Data Science and AI
Julie Huxley-Jones, BSC Genetics, PhD Molecular Genetics and Computational Biology
VP Research Solutions
GlaxoSmithKline, England, United Kingdom
Science moves fast. Technology moves fast. Investment cycles rarely do. Money isn’t unlimited.
In the world of the modern automated and connected laboratory, sustainable data and technologies need to be both nimble and robust, resilient over time to enable lab research to evolve whilst not spiraling in cost.
We want the smart scientist to focus on using her expertise for insights and decision making.

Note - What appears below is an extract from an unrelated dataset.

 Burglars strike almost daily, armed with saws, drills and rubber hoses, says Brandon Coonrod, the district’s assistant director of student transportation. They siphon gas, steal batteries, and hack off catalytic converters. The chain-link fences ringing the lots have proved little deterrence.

We want to build around her a world of augmented and distributed environments with frictionless interfaces that enables her to easily engage with a dynamic range of equipment as she executes her experiments. Paperless labs work around her, data is automatically documented directly from smart equipment, laboratory automation performs standard tasks, and the first drafts of reports are automatically built using AI-ML enabled authors. Equipment runs 24/7 but she doesn't have to, fully utilising IoT, industry 4.0 and remote-control connections that seamlessly live stream for real time and off-line decisions. No experiment is wasted as all data flows into AI-ML enabled models which inform future upstream experiment designs. Quality is embedded and data integrity is bullet-proof.

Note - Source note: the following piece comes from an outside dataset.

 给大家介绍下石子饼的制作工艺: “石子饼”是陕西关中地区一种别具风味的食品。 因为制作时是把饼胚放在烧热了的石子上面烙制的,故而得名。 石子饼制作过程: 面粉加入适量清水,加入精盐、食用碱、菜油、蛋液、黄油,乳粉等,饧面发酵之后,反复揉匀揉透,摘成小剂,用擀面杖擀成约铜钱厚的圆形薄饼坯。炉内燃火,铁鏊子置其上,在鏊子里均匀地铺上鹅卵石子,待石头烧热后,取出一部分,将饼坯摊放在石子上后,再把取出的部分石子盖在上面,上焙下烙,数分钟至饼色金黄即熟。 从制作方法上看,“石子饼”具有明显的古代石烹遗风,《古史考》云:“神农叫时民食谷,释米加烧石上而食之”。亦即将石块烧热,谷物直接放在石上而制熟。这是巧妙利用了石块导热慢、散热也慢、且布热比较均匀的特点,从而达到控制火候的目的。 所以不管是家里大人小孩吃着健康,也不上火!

However, historically siloed, narrow decisions of functional laboratory leaders across the life sciences industry have inadvertently shaped the current application landscape in what the outside world sees as a relatively niche area. Technology solutions rarely support both R&D and manufacturing laboratory environments or the regulated vs non-regulated spheres. No discovery scientist wants to be locked into GXP for no reason, no manager wants to pay for GXP and non-GXP versions of the same technology. Single-purpose lab applications also frequently require extensive professional services to integrate. Rarely does a solution come off-the-shelf.

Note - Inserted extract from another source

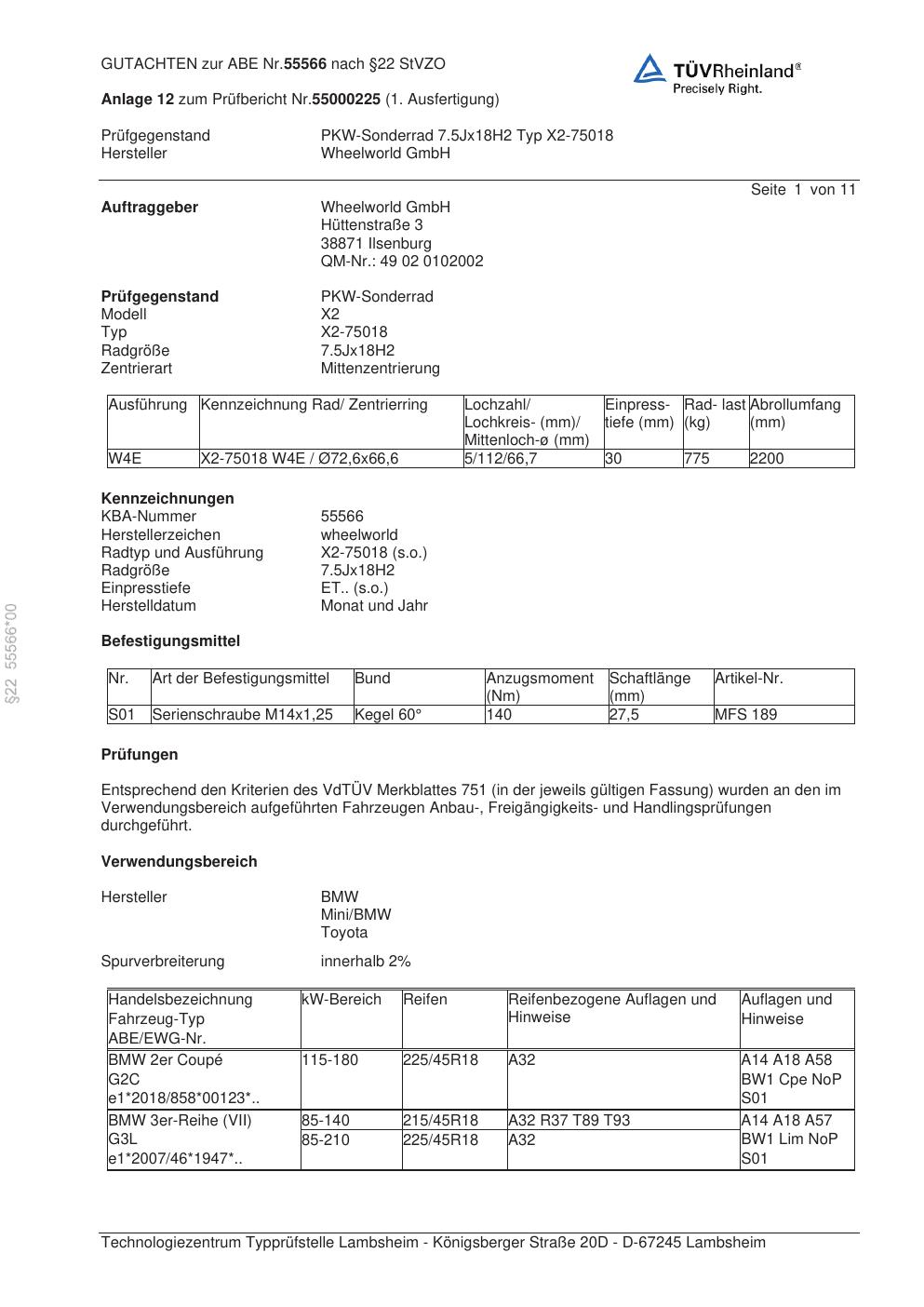 Dieses Gutachten (abe) bezieht sich auf die Alufelge Wheelworld X2-75018 in der Ausführung ET 0, Mittenloch 0 mm (KBA 55566). Im PDF findest du typischerweise zulässige Reifengrößen, Auflagen/Anbauhinweise und – je nach Dokument – Hinweise zur Eintragung.

If not managed carefully, the research scientist interacts with more products than any other user in any other industry! Her time is too important to train on yet another system.
So, what do we do?
There is a sweet spot between full flexibility to operate in an ever-evolving dynamic way and managing the technical debt for a consistently sustainable laboratory environment.
We will outline strategic approaches to make a data science and AIML enabled laboratory robust, relevant and sustainable.